[Items from a data source]
_____
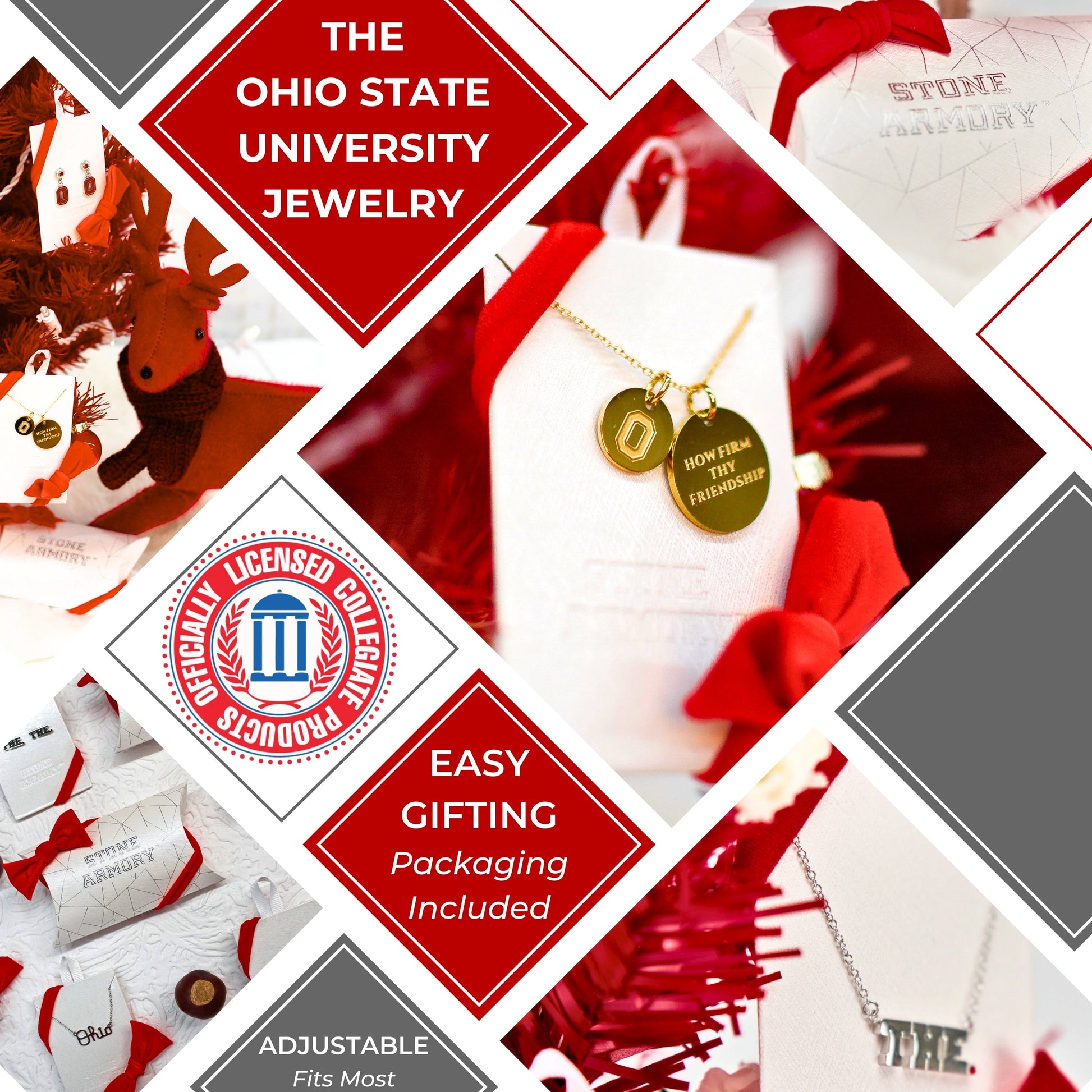 - Express Your Ohio State Buckeyes Spirit Every Day: This officially licensed Stone Armory Ohio State University necklace features 18K gold-plated pendants engraved with the iconic Block O and the mantra 'How Firm Thy Friendship.' Designed for both casual and game-day wear, this adjustable necklace (16-20 inches) makes the perfect gift for Ohio State fans, students, and alumni
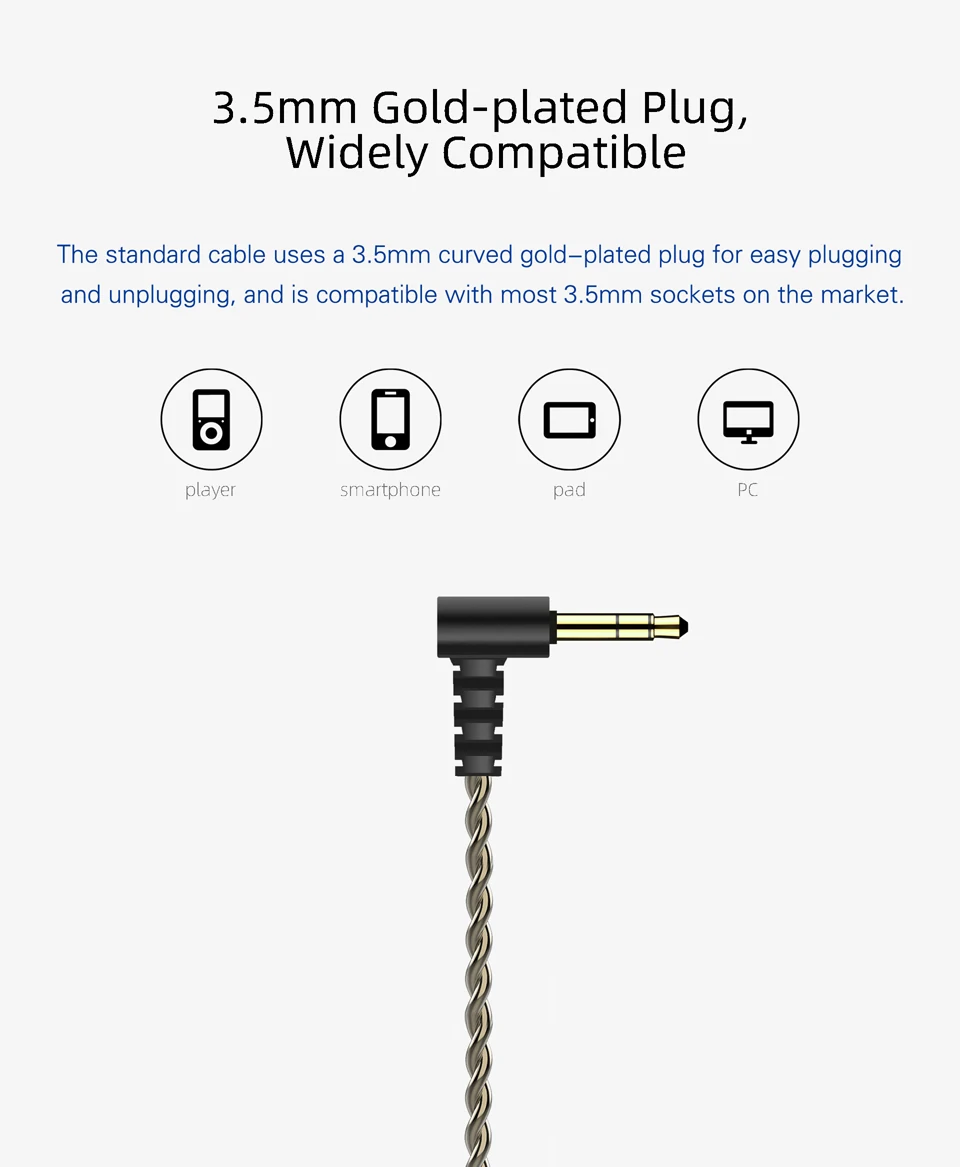 В DB3 принял 0,78 мм 2-контактный стандарт, по умолчанию кабель предназначен для того, чтобы быть прочный и легкий. Он также использует позолоченный 3,5 мм аудио разъем для универсальной совместимости и стабильное соединение.
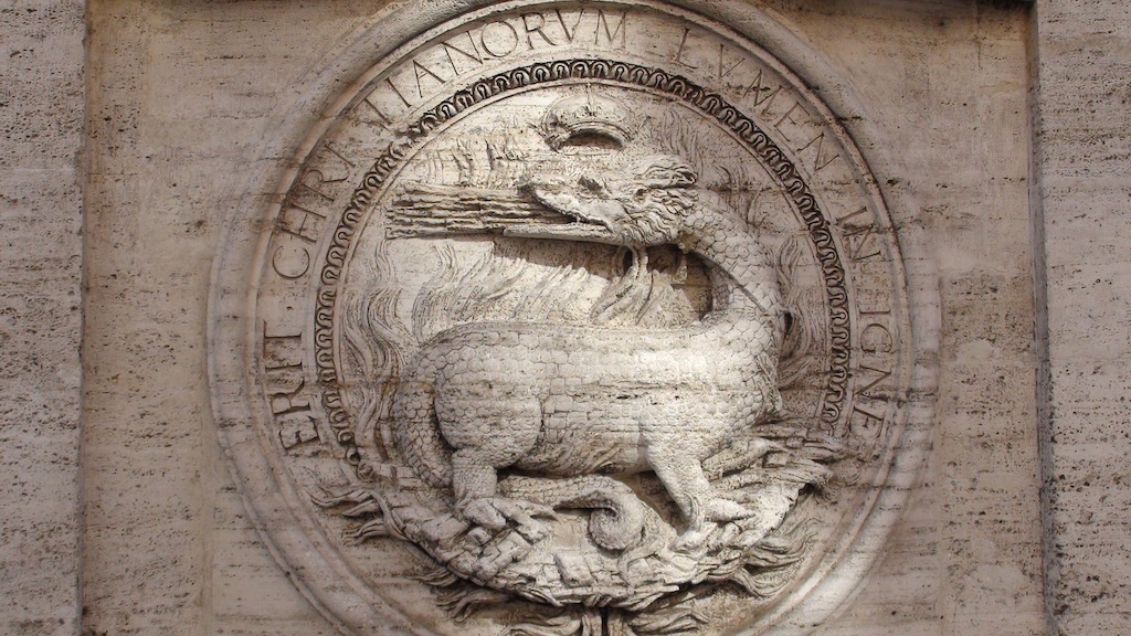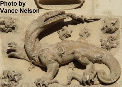 In Rome there is similar artwork on the outside at the Church of St. Louis of the French. This served for many years as the national church of France in Rome and was completed in the 1580s. Notice on the dragon artwork the long neck, tridactyl feet, long tail, neck frill, the scales, and especially the dinosaurian-looking legs. They drop down straight, rather than being splayed out parallel to the ground like a salamander or lizard’s legs. Though exposed to the elements on the exterior of the church, the detailed work has been remarkably well preserved over nearly five centuries! Click to enlarge this amazing dragon carving.
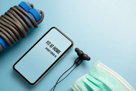 Fit At Home, Healthy at home for quarantine times in Coronavirus pandemic outbreak background concept. Mockup mobile phone for Be Active during virus pandemic. Fight Covid-19
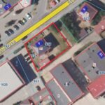 Działka o pow. 650 m2 w kształcie trapezu i wymiarach 27 m, 22 m, 31 m, 23 m.
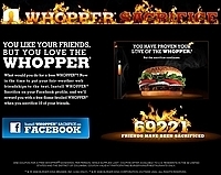 さすがと言うかまたまた ハンバーガーチェーン店のイベント ご存じ「バーガー キング」です ワッパーはデカくて美味しいですよね そのワッパーが無料でもらえるのです Facebook向けに ユニークなアプリケーション 「WHOPPER Sacrifice」の提供を開始しました どのような事かと言いますと このアプリをインストールして Facebookの友達リストから10人削除すると 大事な友達を犠牲にしてでも食べたいくらいの ワッパーへの愛を証明したとして このバーガー1個と無料で交換できる クーポンを受け取ることができるというもの アプリをインストールすると 友達リストのところに「犠牲にしたい友人をクリックしよう」の文字が表示され 友達の写真をクリックすると その友達がリストから削除され しかもアクティビティーのフィードに その友達をワッパーのために犠牲にしたことが掲載される 早い話「mixi」のマイミク10人削除したら 「ワッパーもらえますよ」的な事です キャンペーンサイトに表示されている 犠牲となった友達の総数は 1月10日現在既に約7万人に上っているそうです・・・ 7万人の人は ハンバーガーよりその人にとっては 必要じゃなかったのね・・・・ Facebook http://e-words.jp/w/Facebook.html
_____
**Goal of the exercise**. Could you reproduce exactly, and only, the lines from the start of the records through the line containing "Działka o pow.", leaving out the pictures?

**Exercise output**.
 - Express Your Ohio State Buckeyes Spirit Every Day: This officially licensed Stone Armory Ohio State University necklace features 18K gold-plated pendants engraved with the iconic Block O and the mantra 'How Firm Thy Friendship.' Designed for both casual and game-day wear, this adjustable necklace (16-20 inches) makes the perfect gift for Ohio State fans, students, and alumni
 В DB3 принял 0,78 мм 2-контактный стандарт, по умолчанию кабель предназначен для того, чтобы быть прочный и легкий. Он также использует позолоченный 3,5 мм аудио разъем для универсальной совместимости и стабильное соединение.
 In Rome there is similar artwork on the outside at the Church of St. Louis of the French. This served for many years as the national church of France in Rome and was completed in the 1580s. Notice on the dragon artwork the long neck, tridactyl feet, long tail, neck frill, the scales, and especially the dinosaurian-looking legs. They drop down straight, rather than being splayed out parallel to the ground like a salamander or lizard’s legs. Though exposed to the elements on the exterior of the church, the detailed work has been remarkably well preserved over nearly five centuries! Click to enlarge this amazing dragon carving.
 Fit At Home, Healthy at home for quarantine times in Coronavirus pandemic outbreak background concept. Mockup mobile phone for Be Active during virus pandemic. Fight Covid-19
 Działka o pow. 650 m2 w kształcie trapezu i wymiarach 27 m, 22 m, 31 m, 23 m.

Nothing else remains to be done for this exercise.